Zachary swallowed. He took in a deep breath. Too sudden; he started coughing and had a hard time getting back under control again.
“Yes. That was me.”
“Who is trying to kill you?”
“I don’t know.”
“This girlfriend. Was she with you before the car accident?”
“She was in the accident with me,” Zachary said, sure it proved Kenzie’s innocence. “She couldn’t have been the one who did it. We both could have died.”
“Maybe that was the plan. For the two of you to die together.”
“No… I don’t even know her that well. We’ve only gone out a few times.”
“Uh-huh. Is there someone else who has motive to kill you?”
“I… the other officers who questioned me after the car accident… they have the details about the cases I was working on… I’m a private detective. I’ve been getting threatening notes.”
“I’d say this goes well beyond threatening notes.”

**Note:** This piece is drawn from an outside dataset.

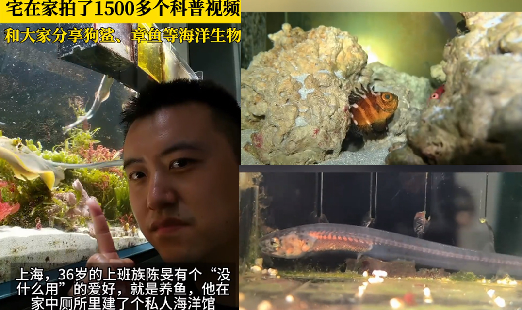 视频 | 小伙在自家厕所里建海洋馆 宅在家拍了1500多个科普视频
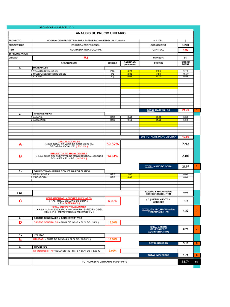 TOTAL PRECIO UNITARIO ( 1+2+3+4+5+6 ) 58.74 Bs.

Zachary nodded. He put the oxygen mask over his mouth, both to breathe the warmer air that didn’t tear at his throat, and to hide behind it, so he didn’t have to speak while he was sorting out his thoughts.
“Anyone else we should be aware of?”
He breathed the warm air, not wanting to answer the question.
“Mr. Goldman?”
“My ex-wife was here tonight too.”
“You have an ex-wife? Any reason she might be upset with you? Other than being jealous that you were seeing someone else?”
“She wasn’t jealous of Kenzie… but she was pretty mad. She hit me,” Zachary touched the cheek that she had slapped. “And she said… that it was my fault that she got cancer.”
The policeman’s brows furrowed. “And how was it your fault that she got cancer? It’s not usually something contagious.”
“Because… dealing with me made her stressed. She got cancer because her body’s defenses were down… or something. I don’t know. Does it have to make sense?”
“When do they?” the fire chief intoned, rolling his eyes. “I’ve got three exes, and there’s no point in trying to reason with them. I’m probably lucky none of them have tried to kill me.”
Zachary rubbed at one of the scorch marks on his pants, seeing whether it would come off, or whether the fabric itself was burned.
“She knows… that I would normally take a Xanax and go to sleep after a panic attack. She told Kenzie so.”
“So, she had good reason to think you would sleep through just about anything,” the cop observed.
“Yeah.” Zachary rubbed some more. He was going to have to get new clothes. Not just to replace the ones that he was wearing, but everything. None of the clothes that were in his apartment were going to be salvageable. If they hadn’t burned, they would be smoke damaged. “But I don’t think it was Bridget. I really… I don’t think she would do that. I know she wasn’t there when the brakes were cut. She was on the other side of the city.”
“Or so she told you.”
“No…” He bit his lip and looked at the policeman. “I had a tracker on her car. I know she was on the other side of town.”
The cop gave no indication he intended to arrest Zachary for stalking or any other crime.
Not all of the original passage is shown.